When we envision retirement, the outlook often includes spending time with our grandkids and friends, vacationing, and playing golf. It is fun, carefree and independent. This vision may be on target for the first few years, but as we age the reality becomes very different. Your health will begin to deteriorate and care may be needed. At the beginning, this care may be as simple as mowing the lawn and shopping for groceries- easily fulfilled by family members. However as time persists, assistance could be needed to do the simple tasks of daily life. While your spouse is alive, he/she may be that person providing the assistance; but if he/she predeceases you or is in similar health, outside resources will be required.

The cost of these resources, whether it is nursing care within your own home or a long term care establishment can be detrimental to your retirement savings.
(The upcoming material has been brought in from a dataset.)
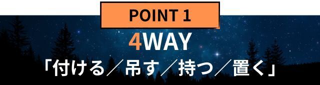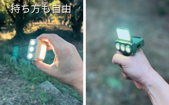 ヘッドライト、ランタン、懐中電灯、置き型ライト(非常灯)の4WAYで使用できる。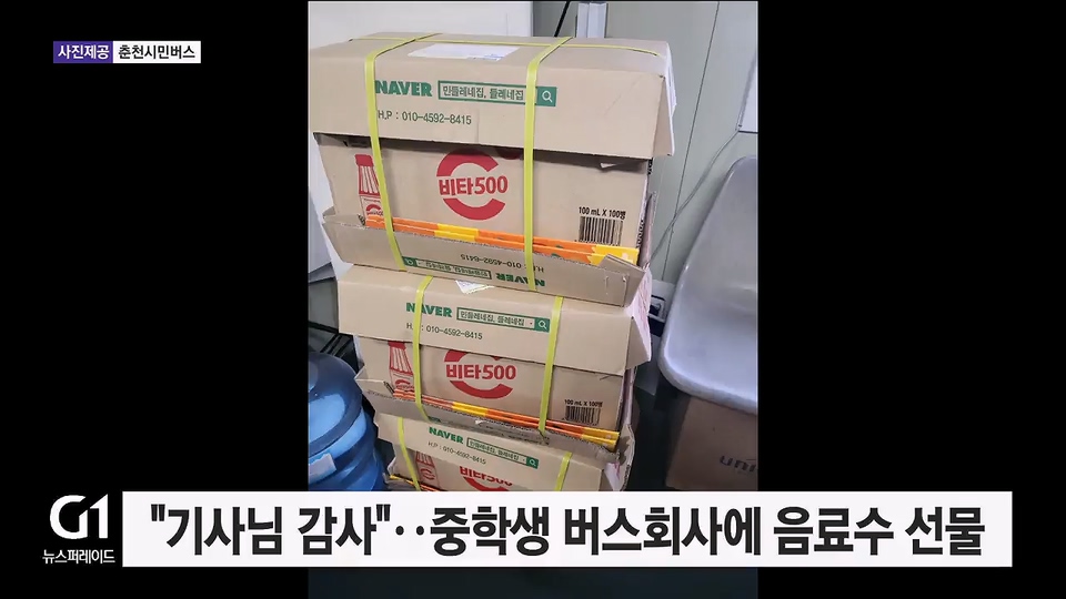 "기사님 감사" 버스회사에 음료 300병 선물한 중학생

You could deplete the legacy you had earmarked for your heirs or you could run out of money all together.

Consider this:

  • By 2036, 25% of the Canadian population will be over age 65 and 1 million will have dementia
  • The chances of living to age 100 are better than ever – this also comes with a requirement of care for many years
  • Government health care programs may cover only a small part of the costs for a nursing home
  • 3/4 of Canadians admit to having no financial plan to pay for long term care if they need it
  • Over 1/2 of women and 1/3 of men over age 65 will reside in a nursing home at some point in their lifetime
  • Long Term Care accommodations can run from $900-$5000/m depending on the room type, level of care needed and the level of government funding available
  • It is predicted that the average North American will spend more time caring for elderly family members than raising their own kids
  • Care within your home can cost up to $30/hr for personal care and $70/hr for nursing care

The solution is long term care insurance.

 

What is Long Term Care Insurance?

Long Term Care insurance pays a monthly benefit if the insured requires assistance to perform 2 of the 6 activities of daily living or suffers an organic cognitive impairment which results in a need for constant supervision.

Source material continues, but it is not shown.